▸ EXERCISE: For the records below, please print exactly and only the lines from the one with "L'appartement bénéficie de" down to the one with "La distancia entre", both ends included, omitting the pictures.

_ _ _ _ _ _ _

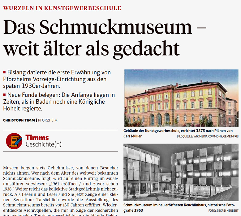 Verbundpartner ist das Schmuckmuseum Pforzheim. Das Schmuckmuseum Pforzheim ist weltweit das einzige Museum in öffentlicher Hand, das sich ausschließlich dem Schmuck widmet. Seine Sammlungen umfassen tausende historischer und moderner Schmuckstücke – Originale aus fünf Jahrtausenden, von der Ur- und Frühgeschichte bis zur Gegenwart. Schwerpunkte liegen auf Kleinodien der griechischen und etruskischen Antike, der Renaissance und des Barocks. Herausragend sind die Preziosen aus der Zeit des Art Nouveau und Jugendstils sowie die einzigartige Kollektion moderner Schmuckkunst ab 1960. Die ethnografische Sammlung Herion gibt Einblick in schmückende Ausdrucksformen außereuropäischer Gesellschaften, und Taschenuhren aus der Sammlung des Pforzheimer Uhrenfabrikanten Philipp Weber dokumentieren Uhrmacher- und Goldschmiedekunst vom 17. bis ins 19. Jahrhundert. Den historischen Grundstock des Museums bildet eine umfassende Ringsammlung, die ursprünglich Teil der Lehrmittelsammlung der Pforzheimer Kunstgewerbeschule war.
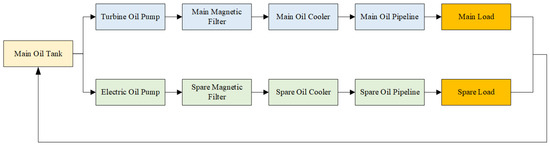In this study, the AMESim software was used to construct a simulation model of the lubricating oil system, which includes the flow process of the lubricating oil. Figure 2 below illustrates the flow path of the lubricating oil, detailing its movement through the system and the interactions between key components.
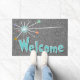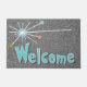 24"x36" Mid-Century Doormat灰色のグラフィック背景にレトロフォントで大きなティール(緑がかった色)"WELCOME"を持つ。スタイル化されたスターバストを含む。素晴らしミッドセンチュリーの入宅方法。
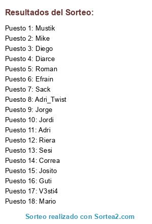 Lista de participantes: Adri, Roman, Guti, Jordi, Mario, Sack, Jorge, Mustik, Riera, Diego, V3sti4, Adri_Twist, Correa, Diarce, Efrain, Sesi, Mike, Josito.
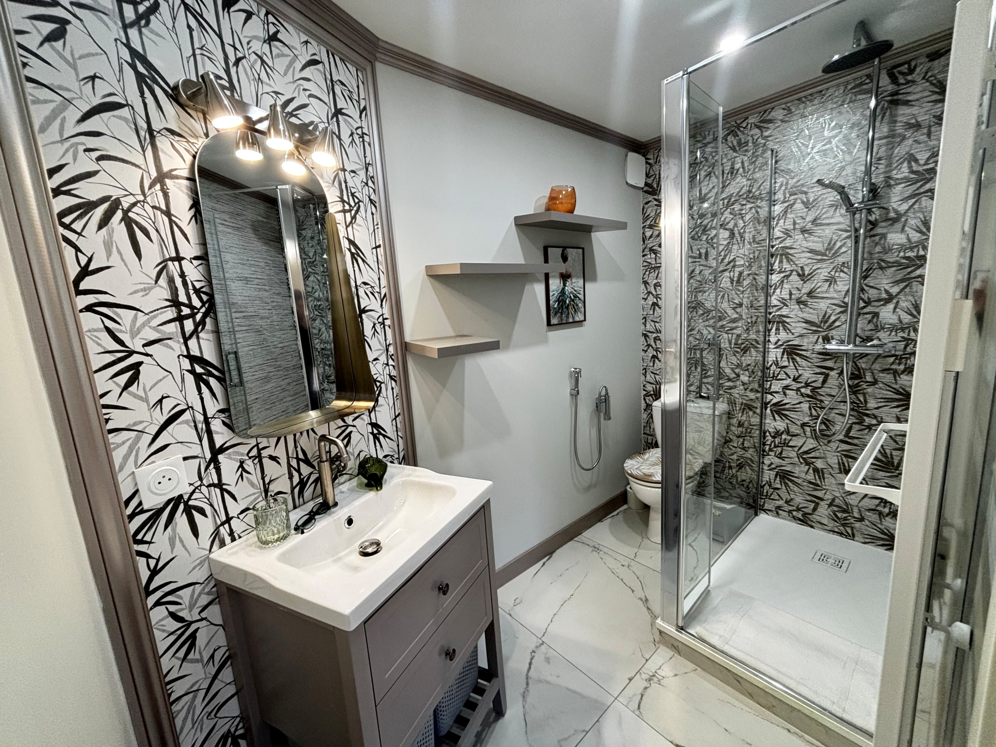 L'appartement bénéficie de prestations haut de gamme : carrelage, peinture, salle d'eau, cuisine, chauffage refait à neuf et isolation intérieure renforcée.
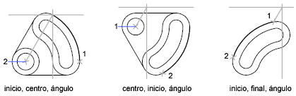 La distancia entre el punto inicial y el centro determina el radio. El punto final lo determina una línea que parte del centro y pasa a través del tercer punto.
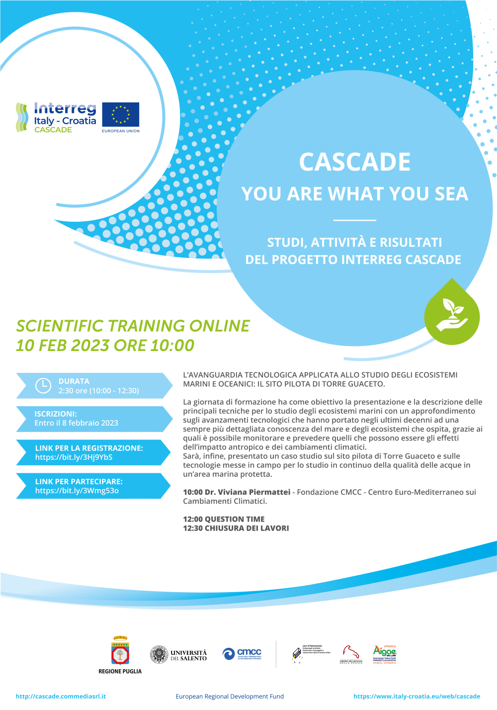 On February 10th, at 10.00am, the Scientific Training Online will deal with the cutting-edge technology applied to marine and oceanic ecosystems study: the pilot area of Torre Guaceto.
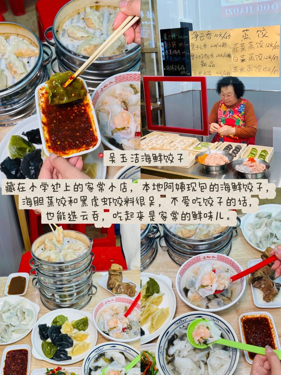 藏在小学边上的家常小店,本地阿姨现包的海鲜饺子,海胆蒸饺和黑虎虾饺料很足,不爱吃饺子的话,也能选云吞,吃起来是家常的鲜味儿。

_ _ _ _ _ _ _

▸ SOLUTION FOR THIS TASK:
 L'appartement bénéficie de prestations haut de gamme : carrelage, peinture, salle d'eau, cuisine, chauffage refait à neuf et isolation intérieure renforcée.
 La distancia entre el punto inicial y el centro determina el radio. El punto final lo determina una línea que parte del centro y pasa a través del tercer punto.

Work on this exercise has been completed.